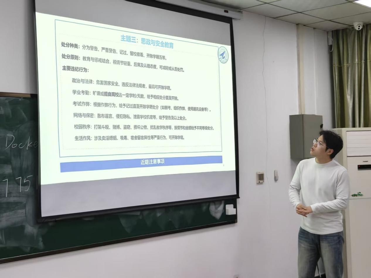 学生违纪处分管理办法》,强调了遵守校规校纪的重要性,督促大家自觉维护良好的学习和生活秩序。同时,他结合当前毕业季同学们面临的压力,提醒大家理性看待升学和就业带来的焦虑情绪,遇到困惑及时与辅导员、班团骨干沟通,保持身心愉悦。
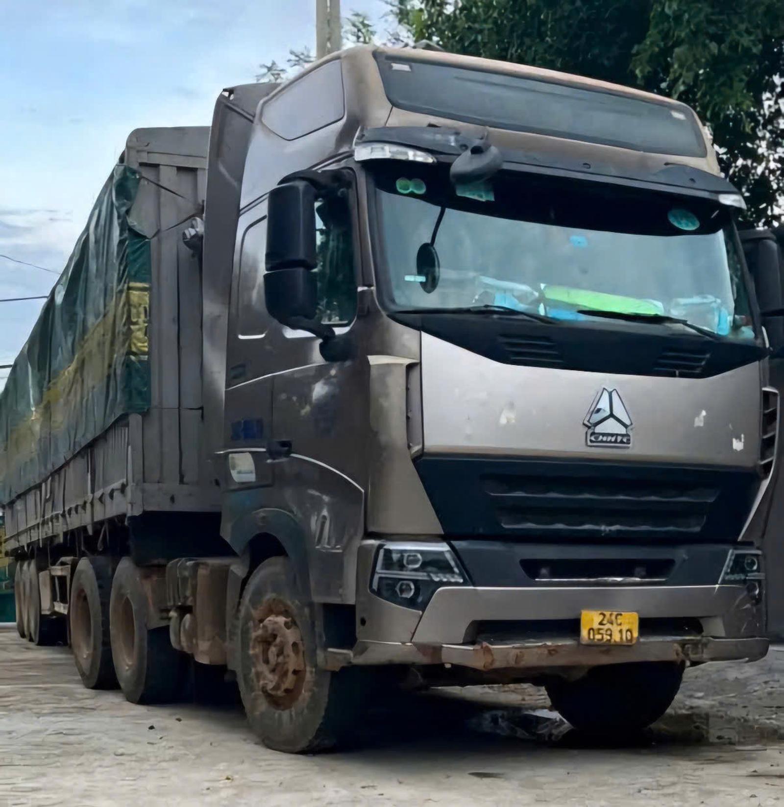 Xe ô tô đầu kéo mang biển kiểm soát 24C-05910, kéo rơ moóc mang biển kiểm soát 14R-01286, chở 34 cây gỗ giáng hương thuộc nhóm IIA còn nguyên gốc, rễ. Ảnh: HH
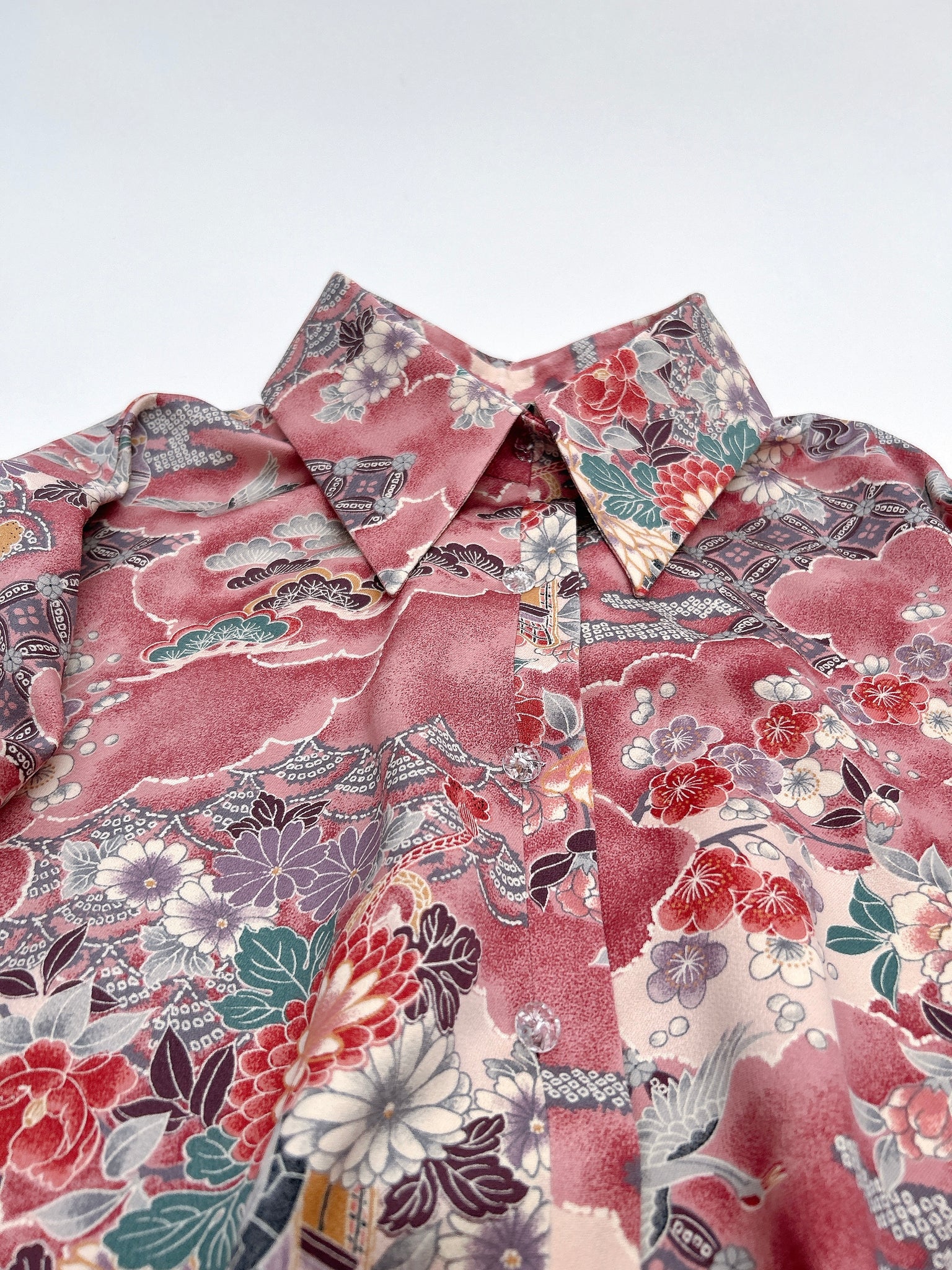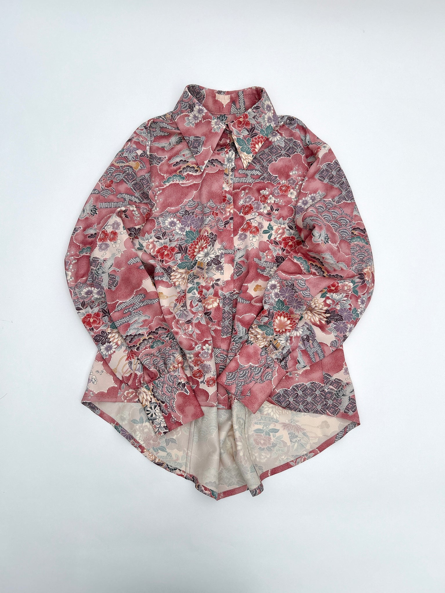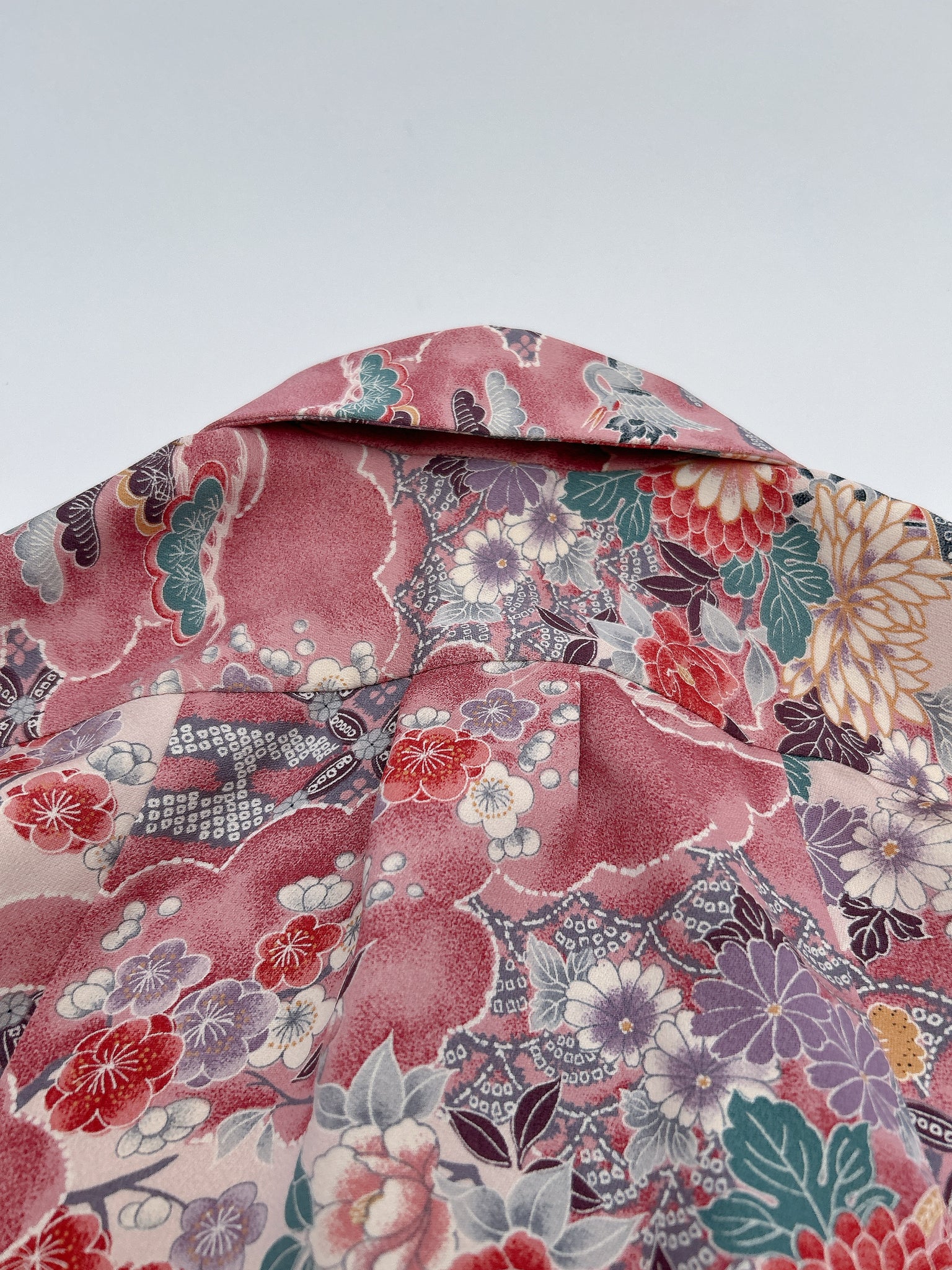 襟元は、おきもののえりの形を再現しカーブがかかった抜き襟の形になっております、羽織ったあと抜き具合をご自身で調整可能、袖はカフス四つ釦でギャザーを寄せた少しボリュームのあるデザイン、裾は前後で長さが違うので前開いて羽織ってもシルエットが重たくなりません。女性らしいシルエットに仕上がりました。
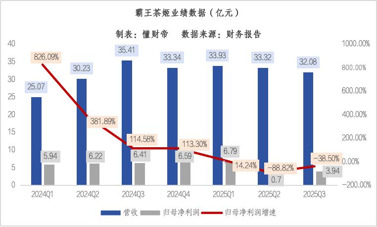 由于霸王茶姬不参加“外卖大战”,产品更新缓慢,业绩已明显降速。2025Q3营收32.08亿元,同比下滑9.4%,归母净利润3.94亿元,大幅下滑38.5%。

Activity:
With the pictures removed, write out exactly the lines from the line containing "Xe ô tô đầu" through the last line of the material above, both included.

Output of the exercise:
 Xe ô tô đầu kéo mang biển kiểm soát 24C-05910, kéo rơ moóc mang biển kiểm soát 14R-01286, chở 34 cây gỗ giáng hương thuộc nhóm IIA còn nguyên gốc, rễ. Ảnh: HH
 襟元は、おきもののえりの形を再現しカーブがかかった抜き襟の形になっております、羽織ったあと抜き具合をご自身で調整可能、袖はカフス四つ釦でギャザーを寄せた少しボリュームのあるデザイン、裾は前後で長さが違うので前開いて羽織ってもシルエットが重たくなりません。女性らしいシルエットに仕上がりました。
 由于霸王茶姬不参加“外卖大战”,产品更新缓慢,业绩已明显降速。2025Q3营收32.08亿元,同比下滑9.4%,归母净利润3.94亿元,大幅下滑38.5%。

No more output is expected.